The sodium channel Nav1.7 is crucial for initiation and conduction of pain signals. In Neandertals, the Nav1.7 protein carried three amino acid substitutions relative to modern humans. We expressed the Nav1.7 proteins carrying all combinations of these substitutions and studied their electrophysiological effects. The Neandertal protein shows reduced inactivation, suggesting that it may cause increased sensitivity to pain. In agreement with this, we find that approximately 0.4% of present-day Britons who carry this Neandertal variant report heightened sensitivity to pain (ref. 2)
3.3 Genetics of COVID-19 severity.
The clinical manifestations of COVID-19, the disease caused by the virus SARS-CoV-2, vary from no or mild symptoms to rapid progression to respiratory failure and death. In addition to risk factors such as advanced age, male sex and some co-morbidities, genetic risk factors influence how severely ill you become upon infection with the virus.
We showed that the greatest genetic risk factor for severe COVID-19 on chromosome 3 is derived from Neandertals. It results in more than a doubling of the risk of requiring intensive care when infected and is carried by up to 65% of people in South Asia but is almost absent in China and Japan (ref. 3). Efforts are currently underway to understand the physiological reasons for the increased risk caused by the Neandertal variants on chromosome 3.
We furthermore showed that genetic variants on chromosome 12 that reduces the risk of becoming severely ill by about 20% also come from Neandertals (ref. 4). These variants are distributed more homogeneously in populations outside Africa and are known to affect defense mechanisms against RNA viruses.
In other projects, we are improving methods to detect the SARS-CoV-2 virus in large numbers of individuals (ref. 6).
4. Publications
4.1 Journals
- Zeberg, H., Kelso, J., & Pääbo, S. The Neandertal progesterone receptor. Molecular Biology and Evolution 37(9), doi.org/10.1093/molbev/msaa119, (2020).
- Zeberg, H., Dannemann, M., Sahlholm, K., Tsuo, K., Maricic, T., Wiebe, V., Hevers, W., Robinson, H. P., Kelso, J., & Pääbo, S. A Neandertal sodium channel increases pain sensitivity in present-day humans. Current Biology 30(17), 3465-3469, doi.org/10.1016/j.cub.2020.06.045 (2020).

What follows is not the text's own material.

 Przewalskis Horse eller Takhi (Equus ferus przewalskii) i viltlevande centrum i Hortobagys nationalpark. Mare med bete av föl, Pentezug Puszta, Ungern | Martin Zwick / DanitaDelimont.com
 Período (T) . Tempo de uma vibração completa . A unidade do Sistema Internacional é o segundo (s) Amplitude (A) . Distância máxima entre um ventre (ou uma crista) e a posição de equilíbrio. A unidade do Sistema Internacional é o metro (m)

- Zeberg, H., & Pääbo, S. The major genetic risk factor for severe COVID-19 is inherited from Neanderthals. Nature 587, 610-612, doi.org/10.1038/s41586-020-2818-3 (2020).
- Zeberg, H., & Pääbo, S. A genomic region associated with protection against severe COVID-19 is inherited from Neandertals. Proceedings of the National Academy of Sciences, doi.org/10.1073/pnas.2026309118 (2021).

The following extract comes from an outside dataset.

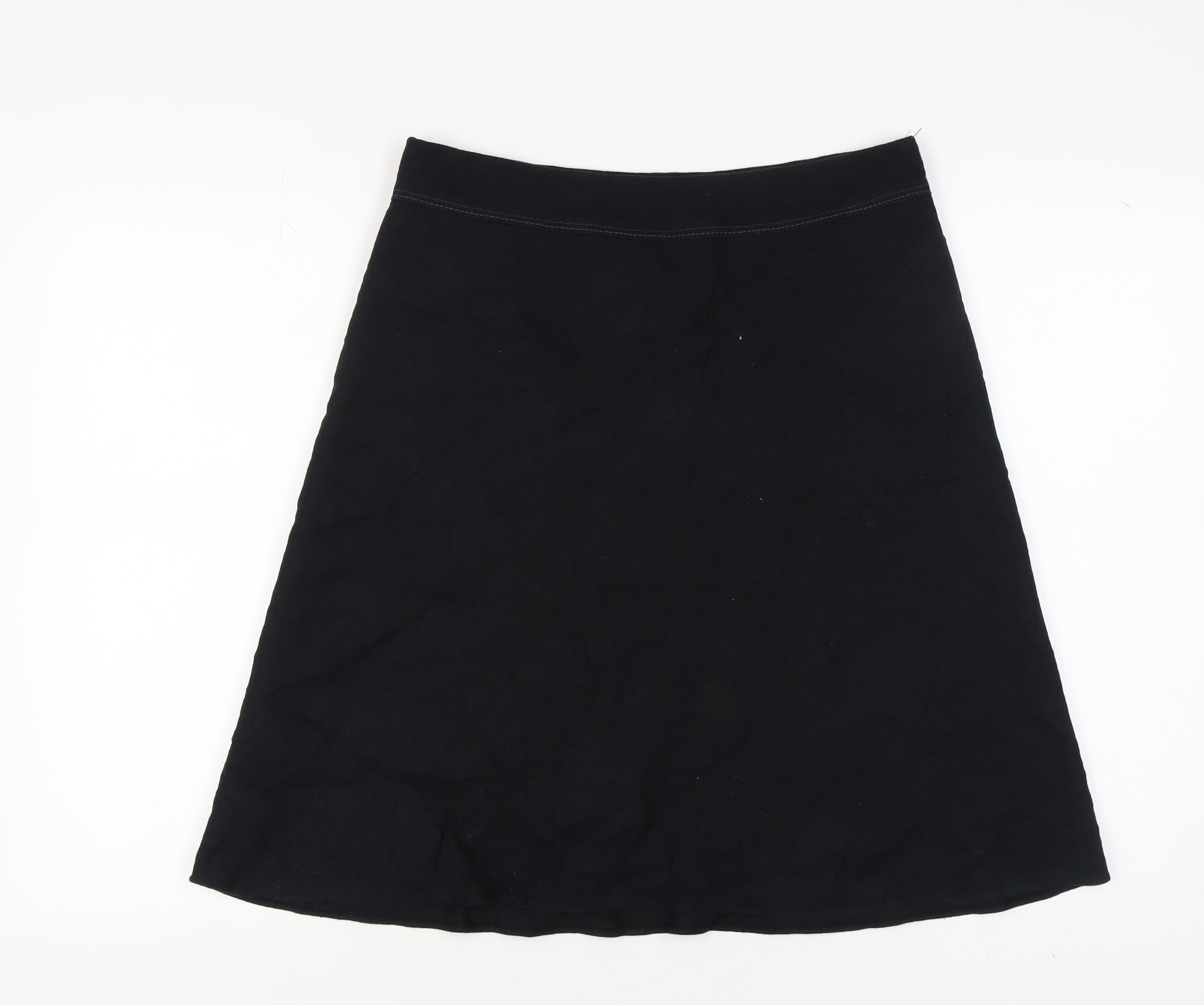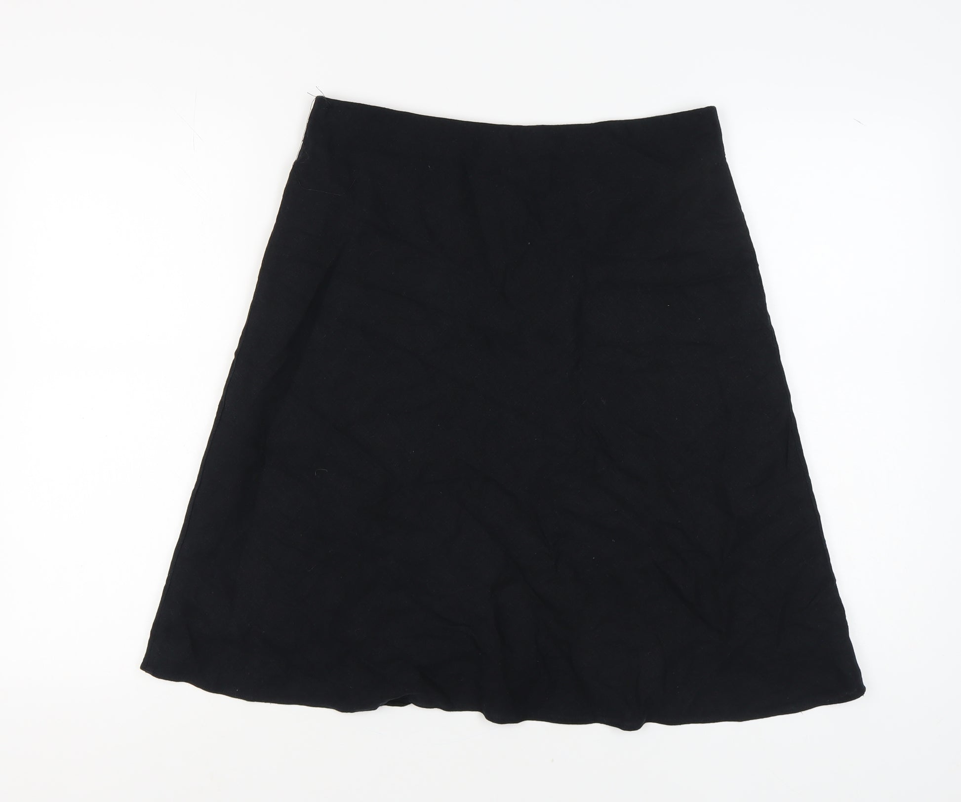 Explore elegance and timeless style with this Marks and Spencer A-Line skirt, crafted in a classic black hue that effortlessly complements any wardrobe. Designed for women who appreciate both sophistication and comfort, this knee-length skirt fits seamlessly into your everyday attire. Made from a blend of 56% linen and 44% viscose, it offers a breathable yet structured finish, perfect for enhancing your silhouette. The gentle flow of the A-Line design ensures a flattering fit, while the absence of visible patterns keeps the focus on your personal style. Ideal for both casual outings and more formal occasions, this skirt is versatile enough to match with various tops and accessories. Its regular size 14 design promises comfort, with machine-washable care ensuring convenience for a busy lifestyle. Whether you're dressing up for a lunch date or heading to the office, this skirt adds a touch of elegance to your ensemble. It's pre-owned in excellent condition, showing minimal signs of wear and promising you many more opportunities to dazzle. Dive into a refined fashion experience and let this Marks and Spencer skirt redefine your wardrobe basics.

- Stepanova,V., Moczulska, K.E., Vacano, G., Kurochkin, I., Ju, X., Riesenberg, S., Macak, D., Maricic, D., Dombrowski, L., Schörnig, M., Anastassiadis, K., Baker, O., Naumann, R., Khrameeva, E., Vanushkina, A., Stekolshchikova, E., Egorova, A., Tkachev, A., Mazzarino, R., Duval, N., Zubkov, D., Giavalisco, P., Wilkinson II, T.G., Patterson, D., Khaitovich, P. & Pääbo, S. Reduced purine biosynthesis in humans after their divergence from Neandertals. eLIFE doi: 10.7554/eLife.58741 (2021).
- Bokelmann, L., Nickel, O., Maricic, T., Pääbo, S., Meyer, M., Borte, S., & Riesenberg, S. Point-of-care bulk testing for SARS-CoV-2 by combining hybridization capture with improved colorimetric LAMP. Nature Communications 12(1): 1467. doi.org/10.1038/s41467-021-21627-0 (2021).